De la même façon, le ministre de l'intérieur s'efforce de faire face à la crise de l'asile en gérant les centres d'accueil des demandeurs d'asile ; mais la ministre du logement, Mme Duflot, ne l'aide certainement pas à combattre le maintien de déboutés du droit d'asile dans les centres d'hébergement dont elle a la responsabilité.

Le gouvernement donne à l'OFPRA et à la Cour nationale du droit d'asile quelques moyens supplémentaires pour réduire les délais d'examen des quelque 70 000 demandes d'asile ; mais
le ministre des affaires européennes à Bruxelles accepte de voter des directives bureaucratiques, qui vont encore retarder l'examen des demandes d'asile.
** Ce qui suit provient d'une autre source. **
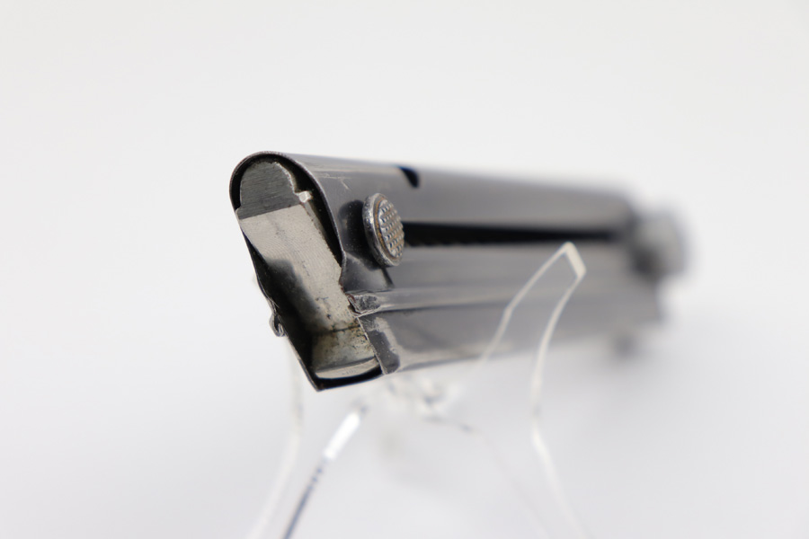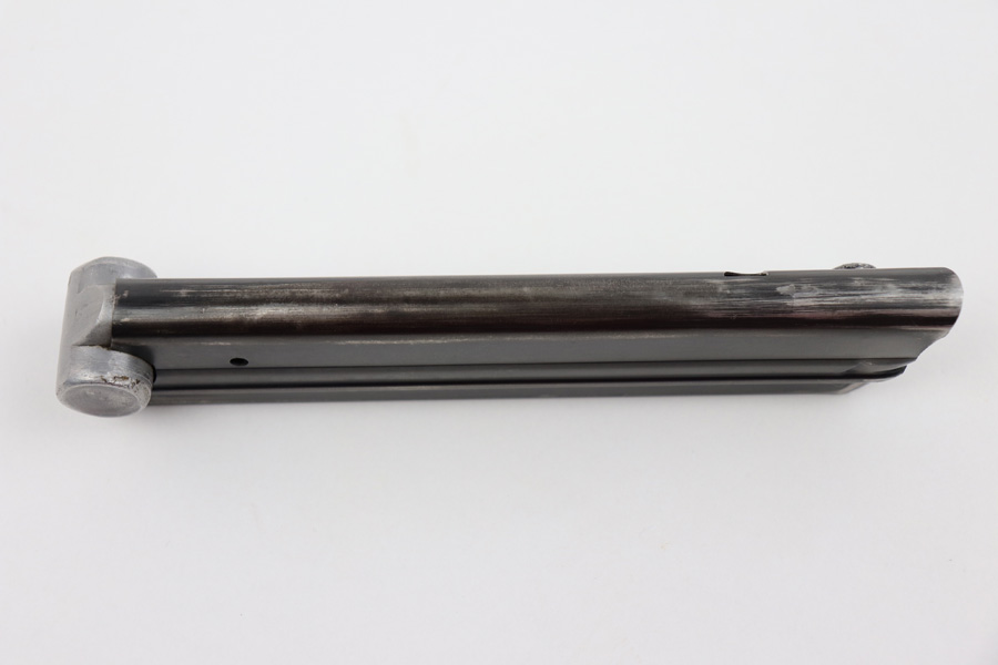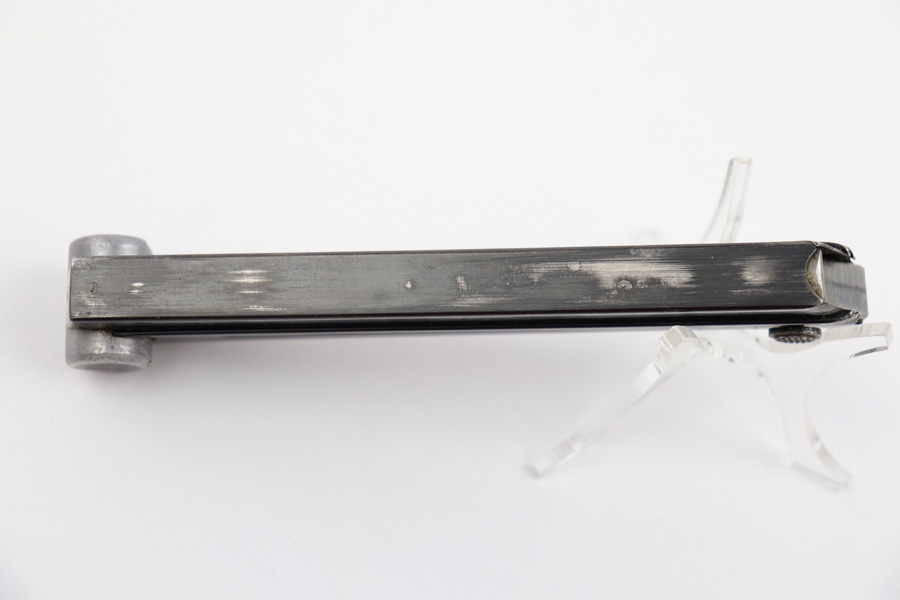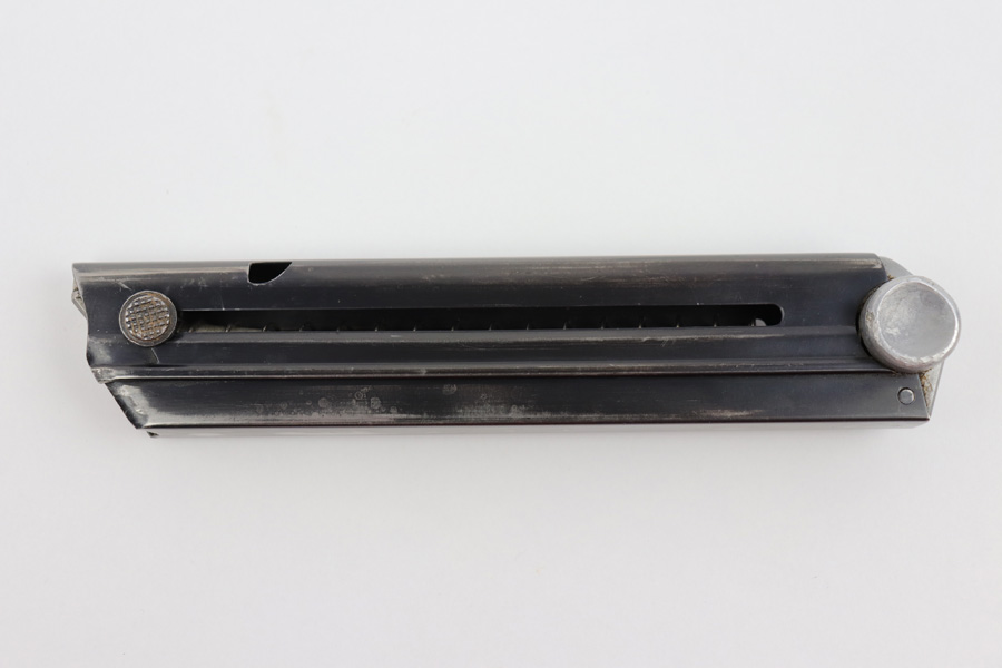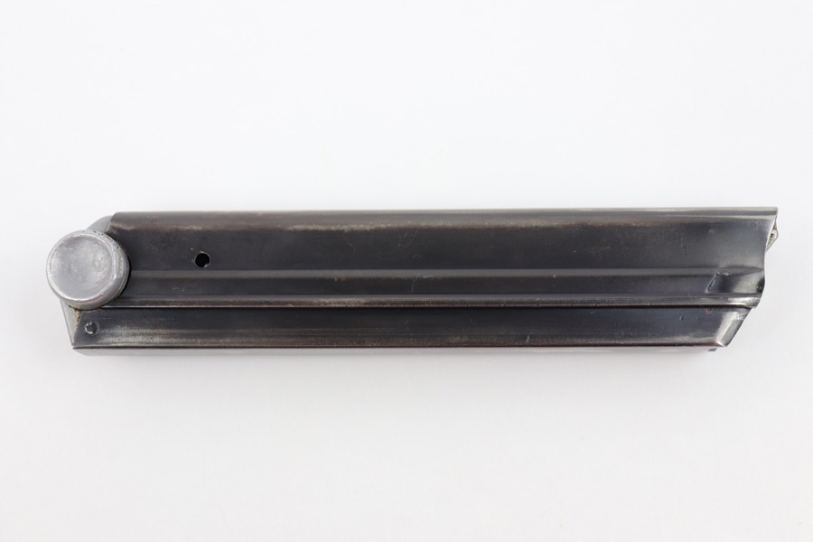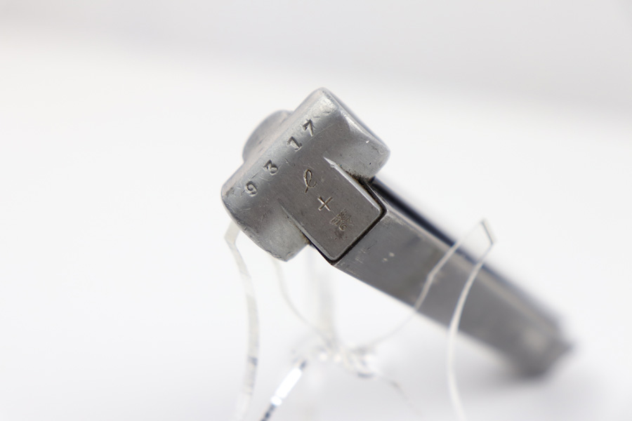 8/8/19 – This is an original Mauser eagle 63 proofed Luger magazine from WW2. The magazine has a serial number on the base “9317 L” with a “+” sign meaning this is the spare magazine. The frame has light bluing loss and some thinning to the finish, but no rust or pitting and a strong fully functional spring.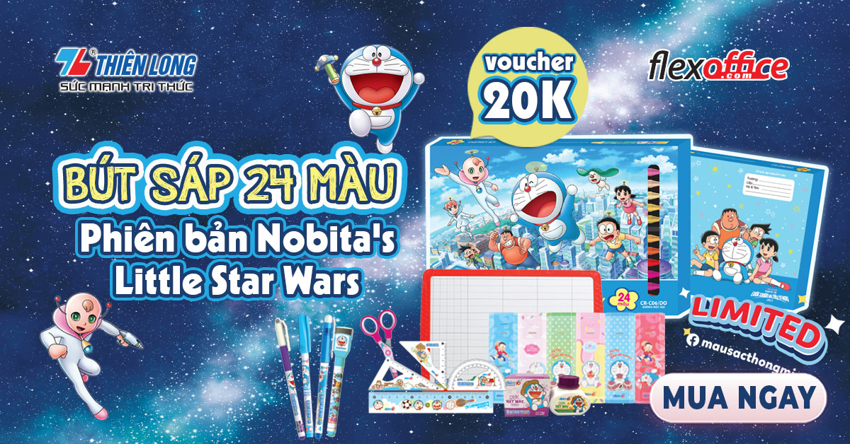 Sáp 24 màu Thiên Long Colokit Doraemon CR-C06/DO - Tiêu chuẩn Mỹ - Phiên bản Nobita's Sky Utopia 2023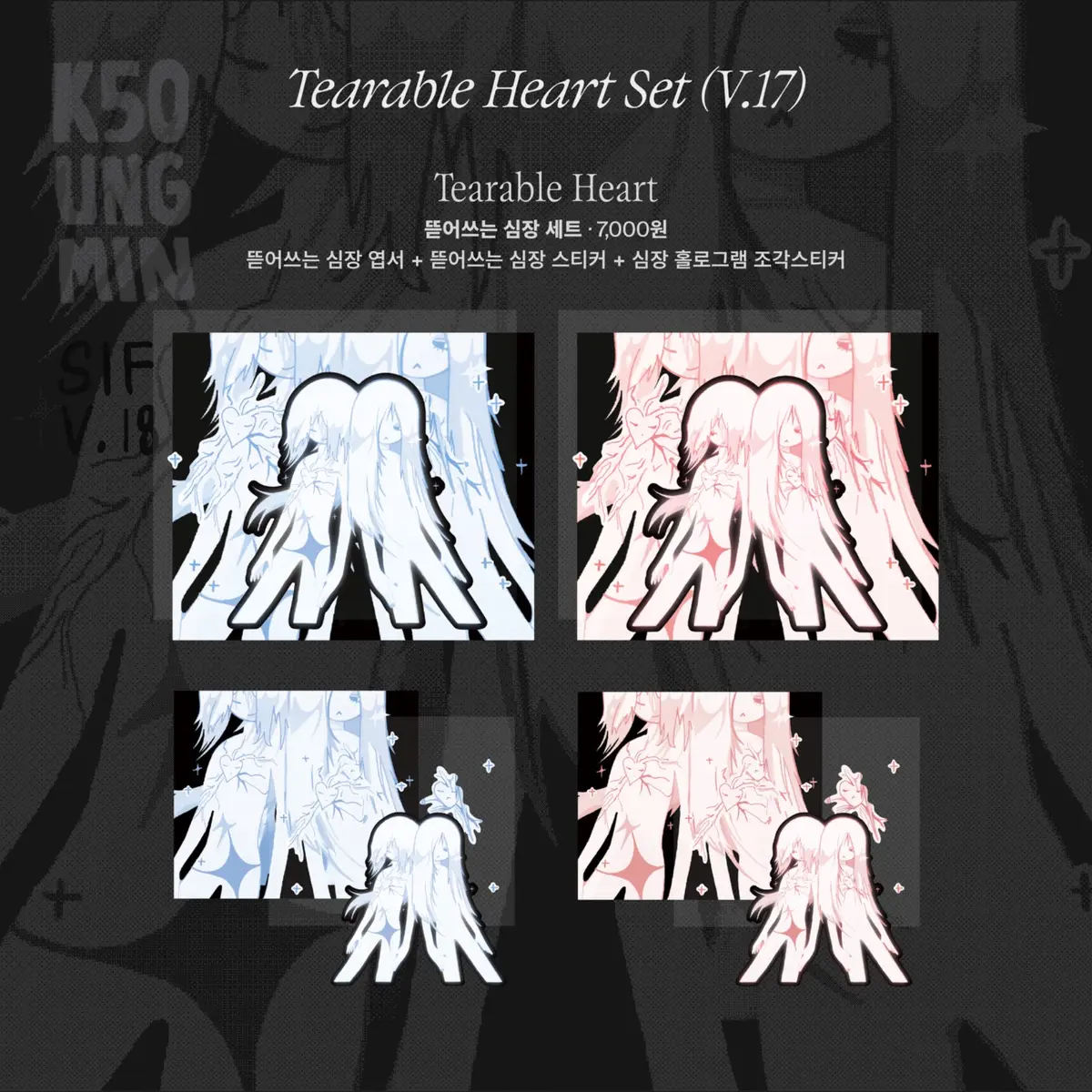 엽서(심장 핑크) + 겨울맞이 세트 + 흘겨보는 심장 키링 + 뜯어쓰는 심장(핑크) + 심근 칼선스티커 + 자라나는 심장 달력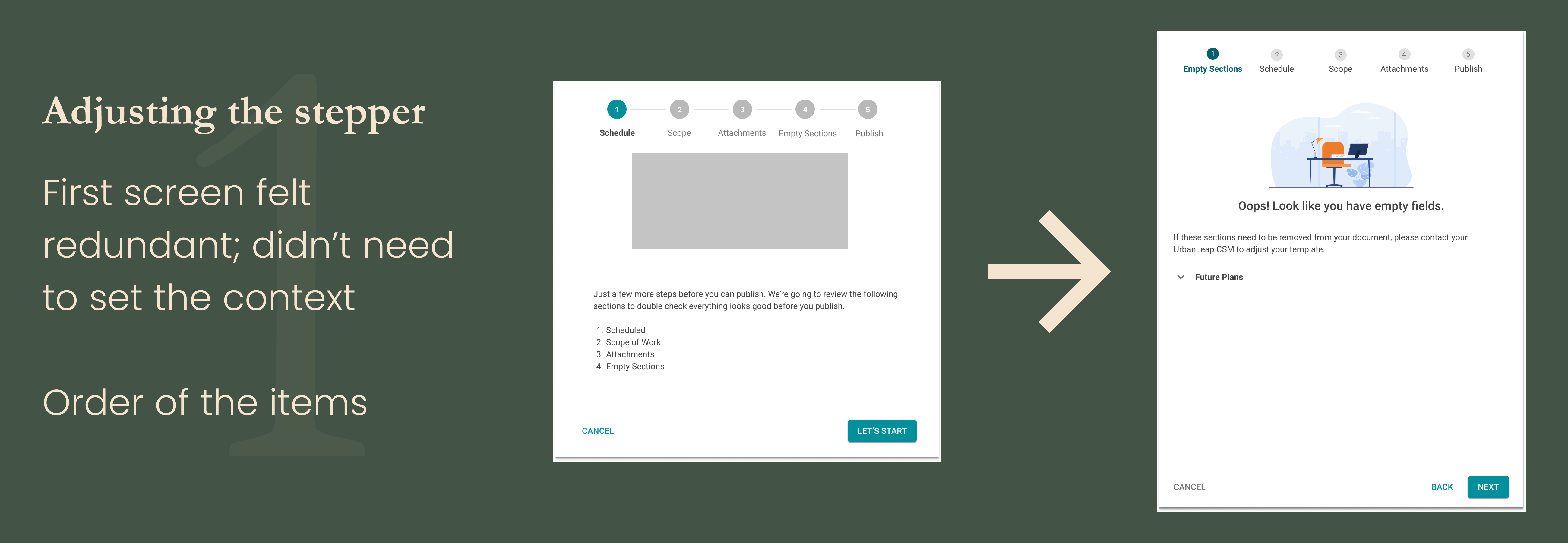 The Product Manager and I thematically separated the data we collected on the most frequent user mistakes as told by vendors and CS. Five thematic errors surfaced, but no one error seemed to be the issue. Facing a dead-end, we took a step back and identified the overarching theme running through all of these mistakes was the failure to review closely before publishing.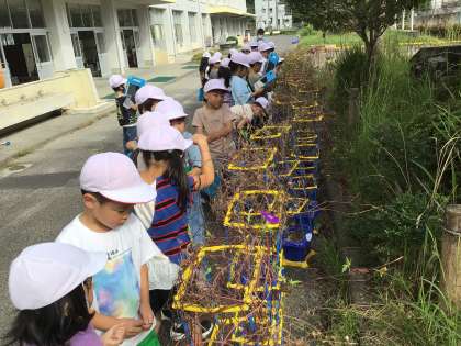10月3日 学習の様子から 公開日 2023/10/03 更新日 2023/10/03 校長室から 1年生生活科の学習。ずっと続けてきたアサガオの観察がそろそろ終わりを迎えようとしています。がんばって咲いてくれたアサガオに感謝するとともに、たくさん種ができていることに喜びを感じていました。次はツルを使ってリースを作ります。楽しみですね。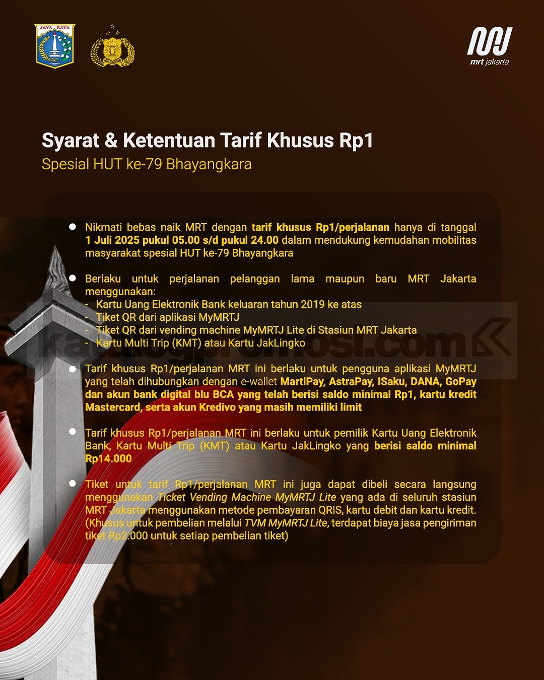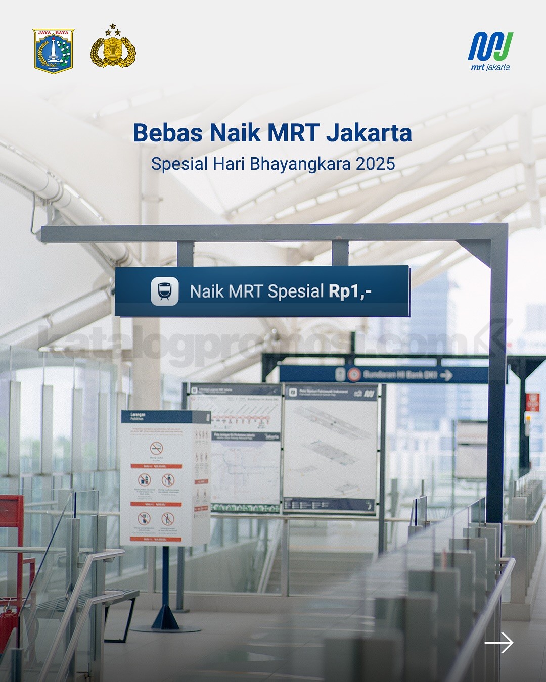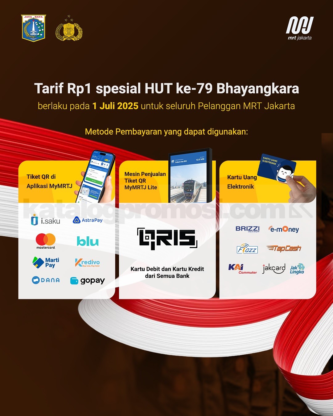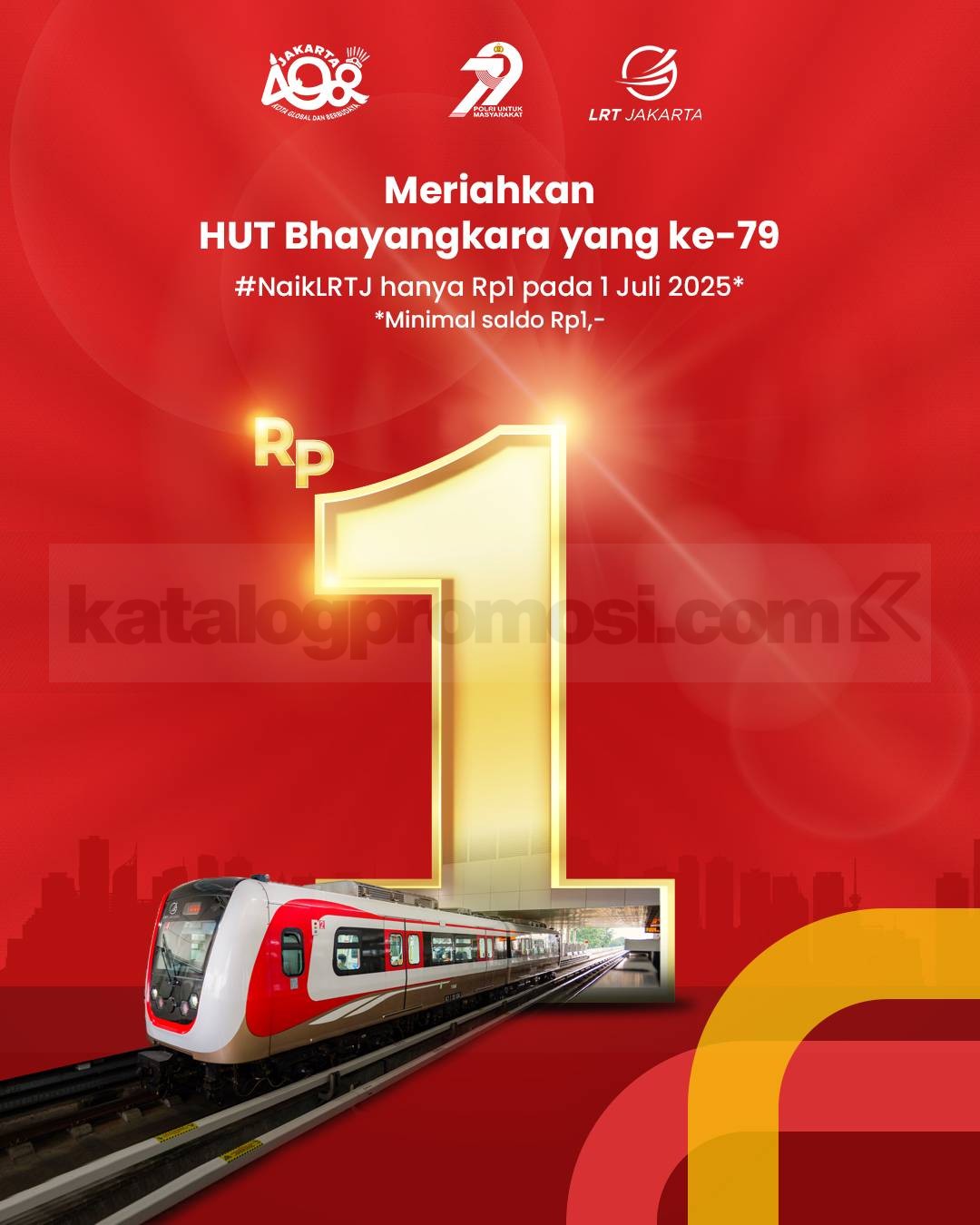 Promo HUT Bhayangkara 2025 Naik MRT, LRT dan TransJakarta cuma Rp1! Bebas keliling Jakarta seharian tanggal 1 Juli 2025, hemat dan praktis.

Le ministre de l'intérieur fait démanteler, ici ou là, quelques campements illégaux et insalubres de Roms, en vertu de la loi et de décisions de justice qui l'y obligent ; mais
le chef de l'État ne prend aucune initiative pour mettre enfin la Roumanie et la Bulgarie devant leurs responsabilités, alors que ces pays ont reçu, de l'aveu même de la commissaire Viviane Reding, près de 17 milliards d'euros de la part de l'Union européenne pour faciliter l'insertion des Roms, sans résultats et sans contrôle.

De la même façon,
le ministre de l'intérieur ne peut pas conduire une politique d'immigration cohérente lorsque le dialogue avec les pays d'origine et de transit est au point mort, dans les mains d'un ministre du développement, Pascal Canfin, qui refuse de traiter la question migratoire parce qu'il appartient à un parti écologiste hostile à toute régulation de l'immigration.

En réalité, faute de cohérence, faute d'objectifs assumés et d'instruments coordonnés, la politique d'immigration du Gouvernement est condamnée à l'échec.